─── Records shown

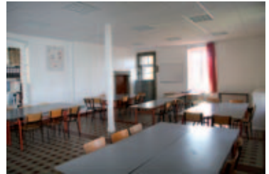
Le réfectoire salle dessin d'art

L'Amicale et l'Établissement scolaire Sainte-Marie – La Grand'Grange se sont mobilisés afin de réussir ce projet. Chacun assura la réalisation et le financement d'une partie des travaux suivant un programme défini à l'avance. La mission de l'Amicale : faire place nette à la cuisine. Quelques jours de travaux suffirent durant le mois de mai. Les entreprises consultées assurèrent le démontage et l'évacuation du matériel lourd : cuisinière acier et fourneau en fonte, hotte d'aspiration, faux plafond inutilisable en l'état, éviers divers, chauffe-eau hors d'usage, etc.... puis raccordements divers, alimentation eau chaude et froide. Le 25 mai, l'Amicale rendait sa copie mission accomplie.
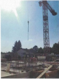
Baustelle Kirchgemeindehaus Wallisellen

Die reformierte Kirchgemeinde Wallisellen ist ein besonderer Ort. Hier werden besondere Geschichten erzählt, die Menschen auf der ganzen Welt mit Gott erlebt haben. Nicht das Gebäude macht den Ort einzigartig, sondern die lebendige Gemeinschaft, die hier
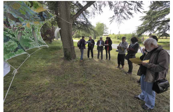
Le jury adulte devant l'une des toiles lauréates
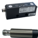
Sensores de proximidade
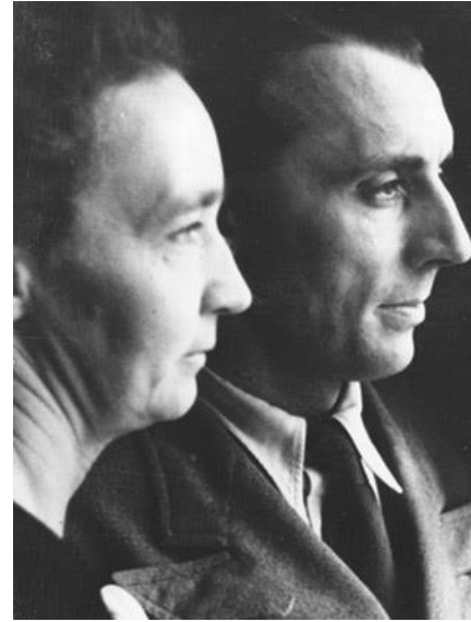
I & F JOLIOT-CURIE
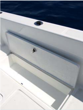
Los lados del piso de la bañera están ocupados por cofres con cubetas para la pesca.
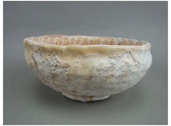
山里焼 菓子鉢(馬淵龍石作)

展示品 林道栄筆 六曲一双屏風・西洋皿・愛宕焼・山里焼・学業證書・長崎の絵葉書・初節句飾り幟・加藤清正、豊臣秀吉、雑兵の節句人形など 100点
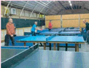
Un momento dell'attività...
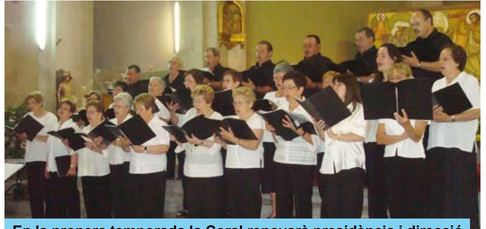
En la propera temporada la Coral renovarà presidència i direcció

La Coral Dolça Catalunya de Riudoms i la Coral del Pla de Santa Maria van actuar en el Concert de Fi de Curs, que va tenir lloc diumenge 28 de juny, a l'Església de Riudoms.
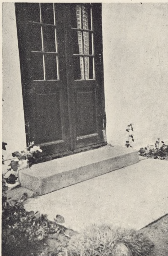
Fig. 159. Havedør paa Ørungaard ved Frederikssund med Ligsten fra Udesundby Kirkegaard. Foto: A. Garboe 1938.

Erfaringen viser, at de Paarørende den Dag, de skal vælge Gravsted til deres Af-døde, ikke synes de kan gøre det godt nok, og derfor vælger et stort og dyrt Gravsted, uden at tænke paa, om de nu ogsaa senere har Midler til at holde Graven vedlige. For at sikre sig imod, at der kommer til at ligge forsømte Grave til lige stor Ærgrelse for Ejeren af Nabo-graven som for Kirkegaarden, forlanges der ved Købet af disse Gravsteder, at Renholdelse, Vanding, Blomster og Granpyntning betales for det Tidsrum, for hvilket Graven er købt og derfor besørger af Kirkegaarden. Ved en saadan kollektiv Pasning af Gravene opnaar man ogsaa at kunne gøre det billigere, hvilket kommer alle Parter til Gode.
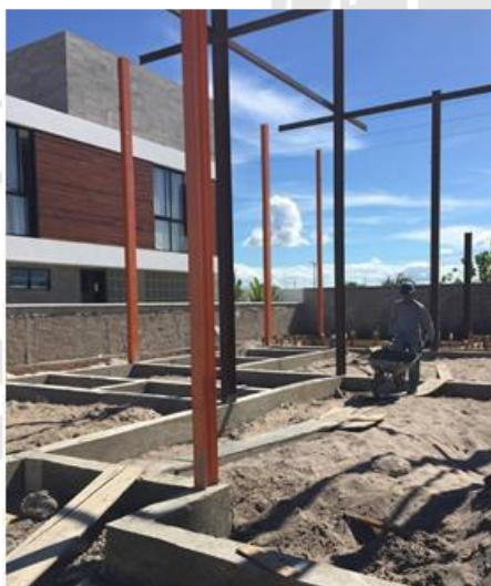
Figura 5 - Solução adotada para fundação com sapatas isoladas e cintamento do baldrame

Desse modo, duas soluções têm sido empregadas nas obras analisadas: laje radier ou fundação direta em sapatas com cintamento do baldrame (Figura 5). A primeira solução destaca-se pela rapidez na execução, uma vez que a própria fundação pode servir como contrapiso, já a segunda garante maior economia de material.
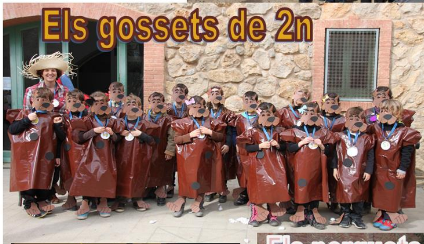
Els gossets de 2n
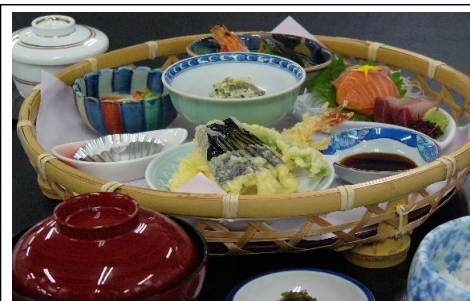
花籠御膳 1,980 円(税込) 1,800 円(税抜)
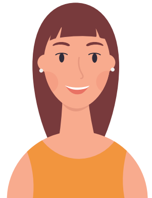
Mensch mit Assistenzbedarf
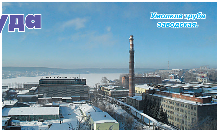
Умолкла труба заводская.
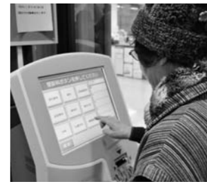
運用を祝いテープカット(上) 早速、受付機の操作へ(下)

由利組合総合病院の遠隔受診受付システム「院外用再来受付機」の運用が十二月二十七日から始まり、同日の朝、JA秋田しんせい矢島総合支店でシステムの竣工式が行われました。
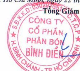
LÊ QUỐC PHONG
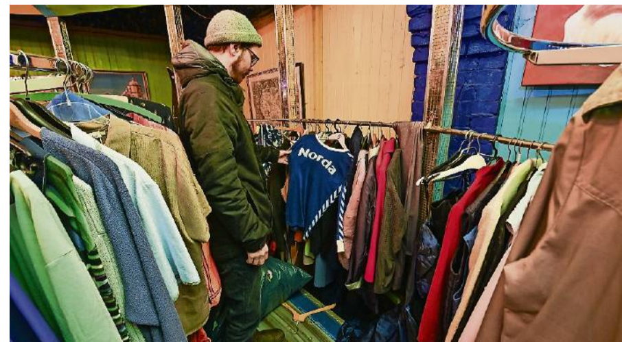
Im Rondell eines alten Jahrmarkt-Karussells stoße ich auf das blaue Trikot mit dem Norda-Schriftzug. Der Flohmarkt Roter Sand findet an jedem Wochenende in drei alten Hafenhallen statt.
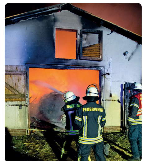
Die Einsatzkräfte konnten nur von außerhalb den Brand effektiv bekämpfen

Warum es zu dem Brand gekommen ist, werden ggf. die Ermittlungen der Polizei ergeben. Zur Schadenshöhe kann derzeit keine Aussage getätigt werden.
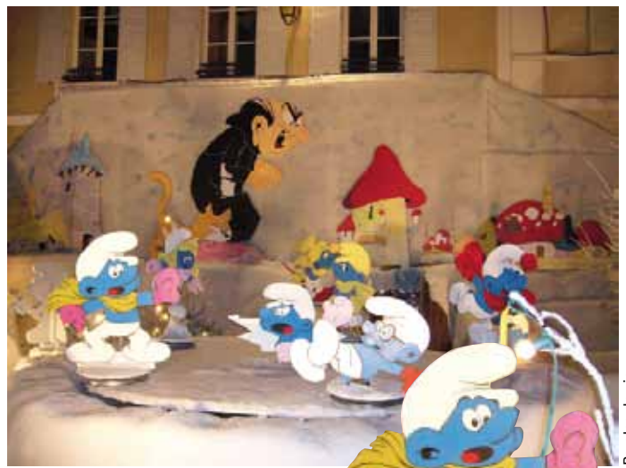
Paroles de vie
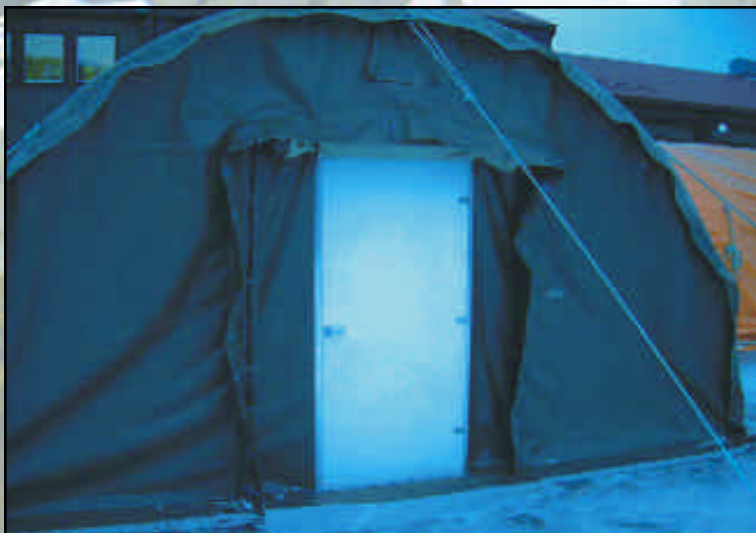
NorLense-telt med aluminiumsdør.
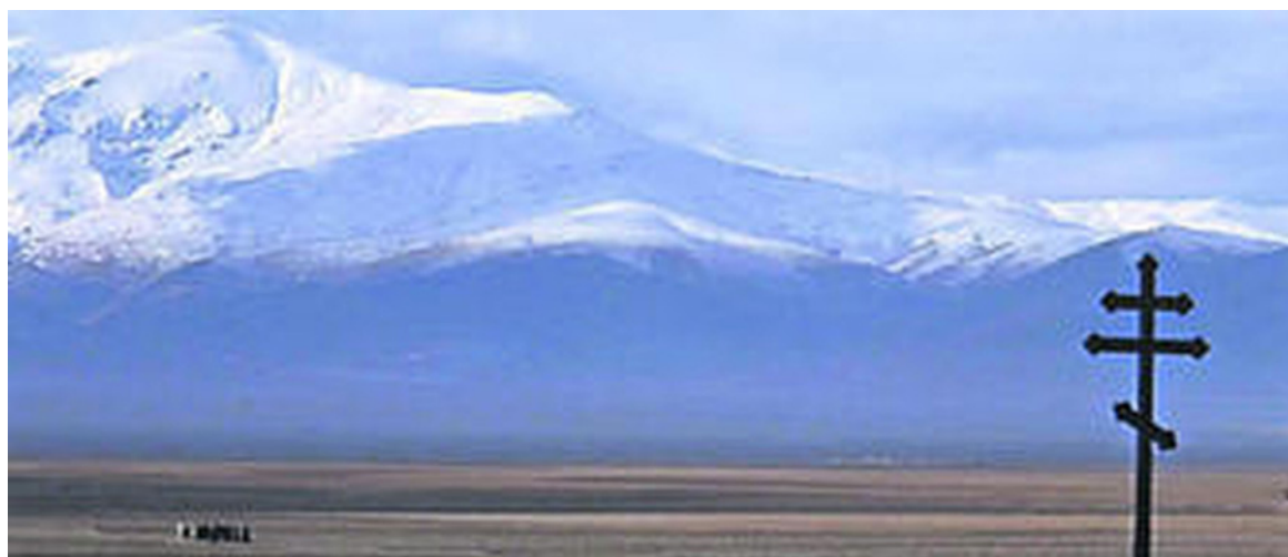
Figura 1. Páramo de la Accitania, con Sierra Nevada. Fotograma de DOCTOR ZHIVAGO. David Lean. (Diciembre 1964) https://youtu.be/q6zNIAXfWoE
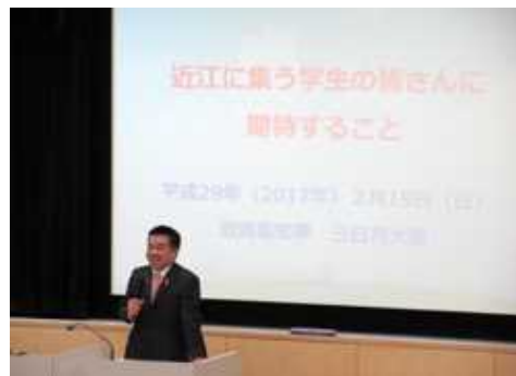
滋賀県立大学にて
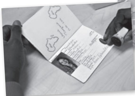
Tillverka egna pass och andra resedokument.
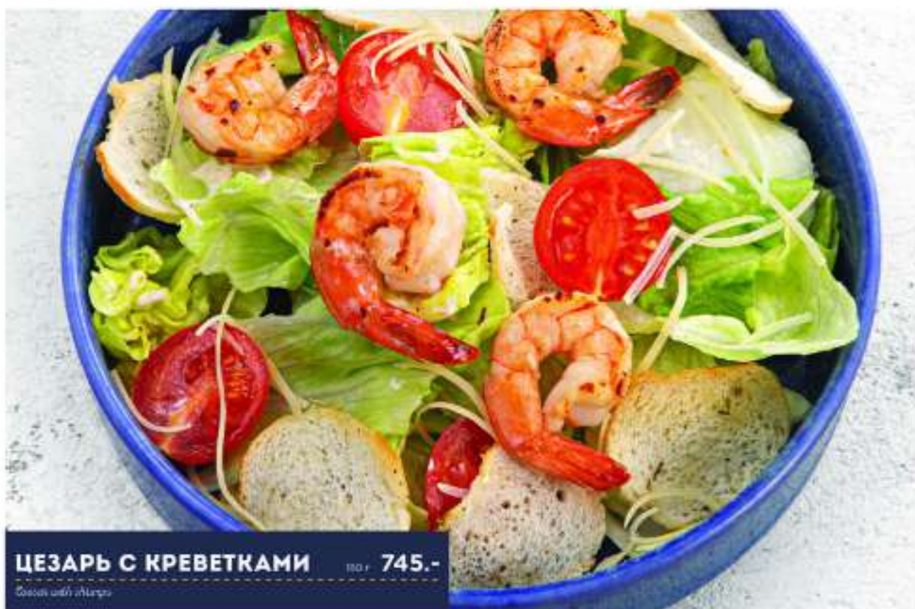
ЦЕЗАРЬ С КРЕВЕТКАМИ № 745.-
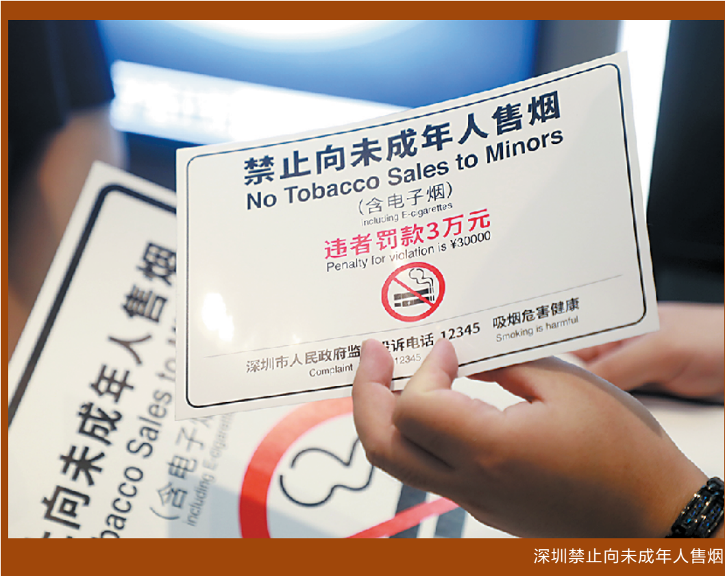
深圳禁止向未成年人售烟

“调查中发现青少年吸烟者戒烟的意愿也非常强烈，但获得规范的戒烟服务比例低。”熊静帆指出，过去30天内吸过卷烟的学生中，其中自述曾经尝试过戒烟的比例为63.1%，现在想戒烟的比例为46.6%，仅有13.3%的现在吸烟者报告，接受过来自于有组织的戒烟活动或专业人员的戒烟建议。“这说明我们需要加强城市戒烟服务能力建设，开发符合青少年需求的、可及的戒烟服务和戒烟项目。”
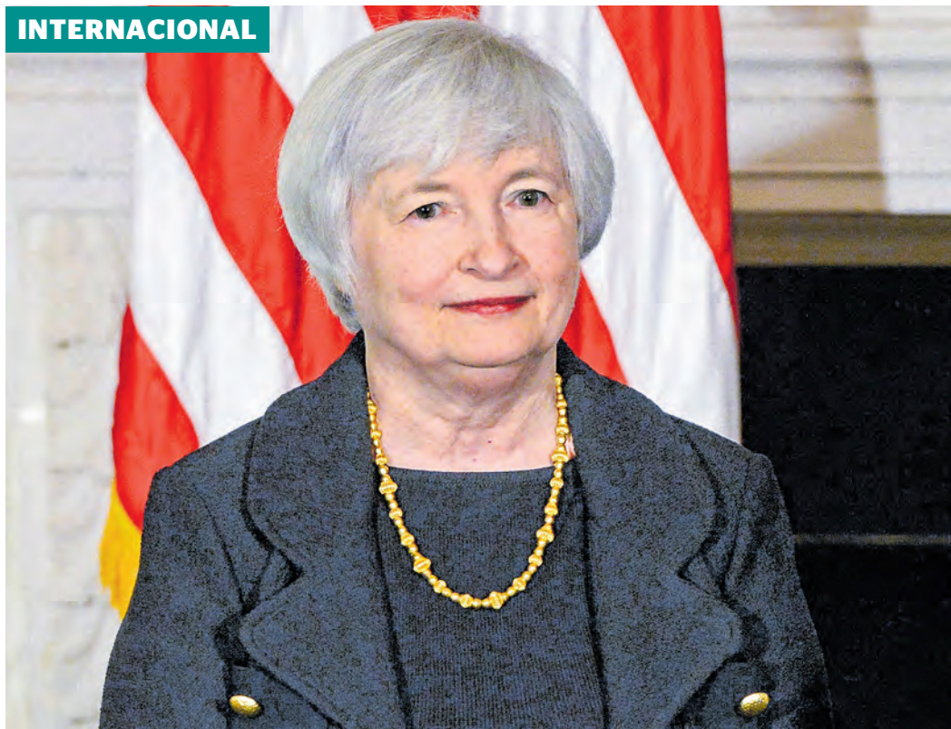
Janet Yellen será la Secretaria Económica del Gobierno de Joe Biden, desde el 20 de enero de 2021.
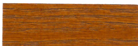
Pino viejo / Satinado

──────

▶ **About this task**: The line containing "Un momento dell'attività..." marks the end; please output exactly the lines of the listing above from its first line through that line, without pictures.

▶ **Final answer**:
Le réfectoire salle dessin d'art

L'Amicale et l'Établissement scolaire Sainte-Marie – La Grand'Grange se sont mobilisés afin de réussir ce projet. Chacun assura la réalisation et le financement d'une partie des travaux suivant un programme défini à l'avance. La mission de l'Amicale : faire place nette à la cuisine. Quelques jours de travaux suffirent durant le mois de mai. Les entreprises consultées assurèrent le démontage et l'évacuation du matériel lourd : cuisinière acier et fourneau en fonte, hotte d'aspiration, faux plafond inutilisable en l'état, éviers divers, chauffe-eau hors d'usage, etc.... puis raccordements divers, alimentation eau chaude et froide. Le 25 mai, l'Amicale rendait sa copie mission accomplie.
Baustelle Kirchgemeindehaus Wallisellen

Die reformierte Kirchgemeinde Wallisellen ist ein besonderer Ort. Hier werden besondere Geschichten erzählt, die Menschen auf der ganzen Welt mit Gott erlebt haben. Nicht das Gebäude macht den Ort einzigartig, sondern die lebendige Gemeinschaft, die hier
Le jury adulte devant l'une des toiles lauréates
Sensores de proximidade
I & F JOLIOT-CURIE
Los lados del piso de la bañera están ocupados por cofres con cubetas para la pesca.
山里焼 菓子鉢(馬淵龍石作)

展示品 林道栄筆 六曲一双屏風・西洋皿・愛宕焼・山里焼・学業證書・長崎の絵葉書・初節句飾り幟・加藤清正、豊臣秀吉、雑兵の節句人形など 100点
Un momento dell'attività...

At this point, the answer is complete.